We're coming up on year two of losing Dad, so as always, I'm going to be writing about it here when I need to.
Two years. Un-effing-real.
Last night, I read the editoral that Charlie Mitchell wrote for Dad, and it ripped my heart out, but it was really good to read. If you want to read it again, it is here.
I wish I could call him and talk to him. I wish I could give him a big old hug and kiss. I wish I could do our nighttime ritual. I wish I could beat him at thumbwrestling. I wish I could see his face and hear his laugh.
I am sad that there are no new photos of Dad and me. All those photos have already been taken.
I can't wrap my mind around what he must have been feeling this time two years ago. Our brains are only capable of handling so much--we can't comprehend infinity or eternity, so how can a human process that they are about to die? I know that it kept slipping his mind--whenever it came up he was always surprised. But gosh, how do you handle that? On Thanksgiving, we had so many visitors, loved ones and friends and relatives all came pouring into the house to see him, and Dad was on cloud nine. He grinned his big grin and at the end of the day said it was the best Thanksgiving he could remember. What a blessing that he was able to have that.
As something like this should, it makes you rethink everything. What is important? What are we all doing?
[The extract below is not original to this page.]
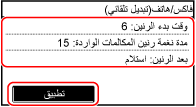 عيّن وقت الرنين والإجراء عند استلام فاكس، واضغط على [تطبيق].

What are we supposed to do? Why do we worry about material possessions and our personal wealth when really, what does that matter anyway? Life experiences, memories, love, friendships--that's what matters. It just makes me want to get rid of anything extra that I don't need. Pare down to just a few essentials and momentos. Pay off my debt and see the world.
It all just boggles my weary little head when I think about it. I know he had a great life, I know he had amazing friends, I know he was proud of his children, I know he experienced true love, I know he accepted his disease, I know he questioned his disease. I don't know what he thought about his life or about dying. I don't know how he was able to accept his fate. I don't know the physical and emotional pain he was in. I know he is in a better place now, and I know that I will continue to talk to him in my head and in my dreams.
I miss the shit out of him.
(These are both Easter photos, but its a holiday nonetheless, and I love them.)